**Data for this task:**
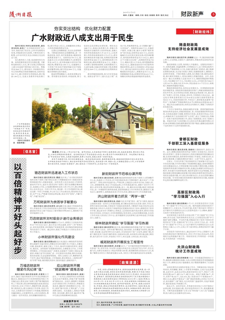 随州日报讯(特约记者吴财荣、通讯员马先华、彭亮)广水市财政局坚持“以人为本、执政为民”的宗旨,以科学发展观为统领,积极落实民生政策,不断优化财力配置,去年该市民生支出占财政总支出的近八成。
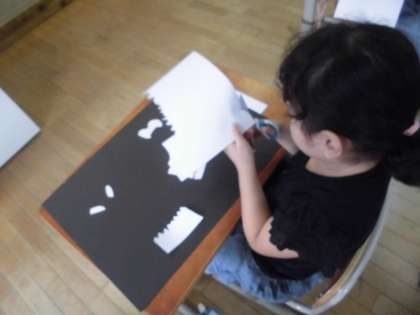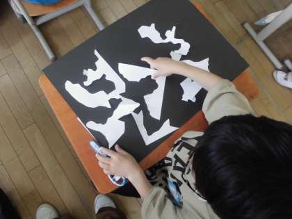 できた形を黒い画用紙の上に置き,何に見えるか想像を広げました。向きや並べ方を工夫して貼り付けていきました。
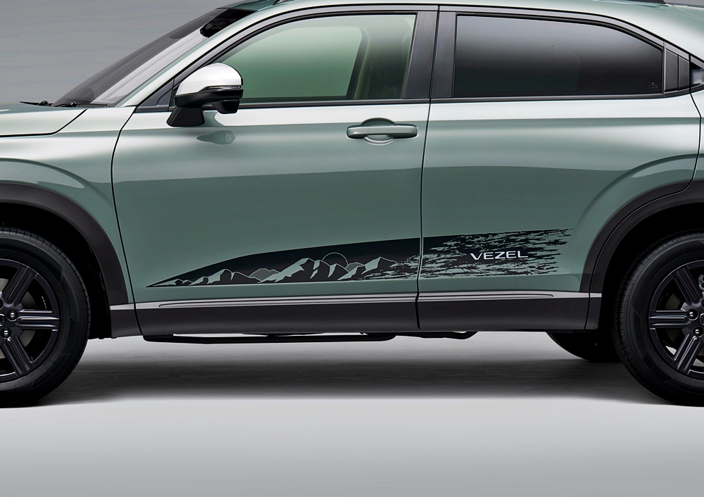 Honda Vezel Sports Style (foto atas kiri) diserlahkan dengan gaya hitam dan sporty. Pakej ini menyerlah dengan rim Modulo MS-050 18 inci dan spoiler bumbung yang meningkatkan lagi kestabilan kelajuan tinggi. Honda Vezel Active Style pula tampil dengan gril depan dan lencana hitam serta grafik badan yang menyerlahkan imej outdoor.
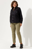 Брюки женские прямого силуэта, зауженные к низу. Выполнены  из турецкого денима со трейчем. Брюки  с притачным поясом и резинкой по спинке. По переду  обработаны боковые карманы. Застёжка  на тесьму-молнию, петлю и джинсовую пуговицу. На задних половинках  брюк расположены накладные карманы.
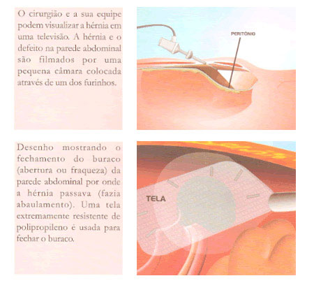A cirurgia é feita da seguinte forma: o buraco da hérnia é recoberto com uma tela sintética, que simplesmente cobre o espaço em que havia fraqueza do tecido abdominal. Trata-se de uma técnica indolor que reduziu drasticamente os índices de retorno das hérnias inguinais para 1 em cada 2000 casos operados, o que é considerado baixíssimo. É feita com anestesia local não requer internação hospitalar. O paciente é operado, levanta e vai embora para casa. Recomenda-se evitar esforços físicos pesados nos 3 primeiros meses de recuperação, mas, a cicatrização total ocorre apenas 6 meses após o procedimento. O paciente também pode ter relações sexuais 15 dias após a cirurgia, mas com cautela. Entretanto, esse período depende do caso e do estado geral de saúde do paciente, por isso, atenha-se às especificações do seu médico.
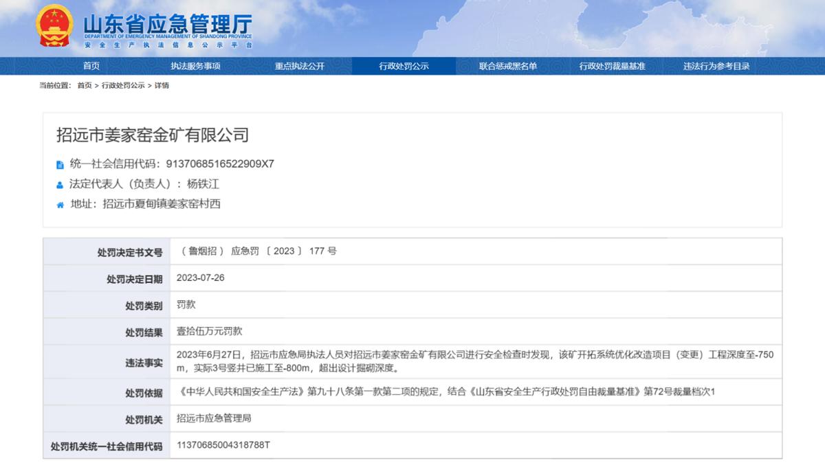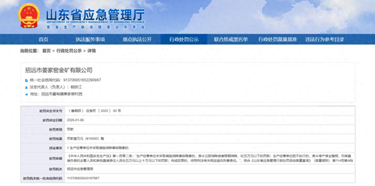 日前,山东省应急管理厅公布的行政处罚信息显示,招远市姜家窑金矿有限公司(简称“姜家窑金矿”)被查获“生产经营单位未采取措施消除事故隐患”的违法行为,被招远市应急管理局处以罚款1万元处罚。处罚决定日期为2026年1月6日。

**Action item:** Transcribe the listing above in full and exactly; no pictures belong in the copy.

**Reply to the task:**
 随州日报讯(特约记者吴财荣、通讯员马先华、彭亮)广水市财政局坚持“以人为本、执政为民”的宗旨,以科学发展观为统领,积极落实民生政策,不断优化财力配置,去年该市民生支出占财政总支出的近八成。
 できた形を黒い画用紙の上に置き,何に見えるか想像を広げました。向きや並べ方を工夫して貼り付けていきました。
 Honda Vezel Sports Style (foto atas kiri) diserlahkan dengan gaya hitam dan sporty. Pakej ini menyerlah dengan rim Modulo MS-050 18 inci dan spoiler bumbung yang meningkatkan lagi kestabilan kelajuan tinggi. Honda Vezel Active Style pula tampil dengan gril depan dan lencana hitam serta grafik badan yang menyerlahkan imej outdoor.
 Брюки женские прямого силуэта, зауженные к низу. Выполнены  из турецкого денима со трейчем. Брюки  с притачным поясом и резинкой по спинке. По переду  обработаны боковые карманы. Застёжка  на тесьму-молнию, петлю и джинсовую пуговицу. На задних половинках  брюк расположены накладные карманы.
A cirurgia é feita da seguinte forma: o buraco da hérnia é recoberto com uma tela sintética, que simplesmente cobre o espaço em que havia fraqueza do tecido abdominal. Trata-se de uma técnica indolor que reduziu drasticamente os índices de retorno das hérnias inguinais para 1 em cada 2000 casos operados, o que é considerado baixíssimo. É feita com anestesia local não requer internação hospitalar. O paciente é operado, levanta e vai embora para casa. Recomenda-se evitar esforços físicos pesados nos 3 primeiros meses de recuperação, mas, a cicatrização total ocorre apenas 6 meses após o procedimento. O paciente também pode ter relações sexuais 15 dias após a cirurgia, mas com cautela. Entretanto, esse período depende do caso e do estado geral de saúde do paciente, por isso, atenha-se às especificações do seu médico.
 日前,山东省应急管理厅公布的行政处罚信息显示,招远市姜家窑金矿有限公司(简称“姜家窑金矿”)被查获“生产经营单位未采取措施消除事故隐患”的违法行为,被招远市应急管理局处以罚款1万元处罚。处罚决定日期为2026年1月6日。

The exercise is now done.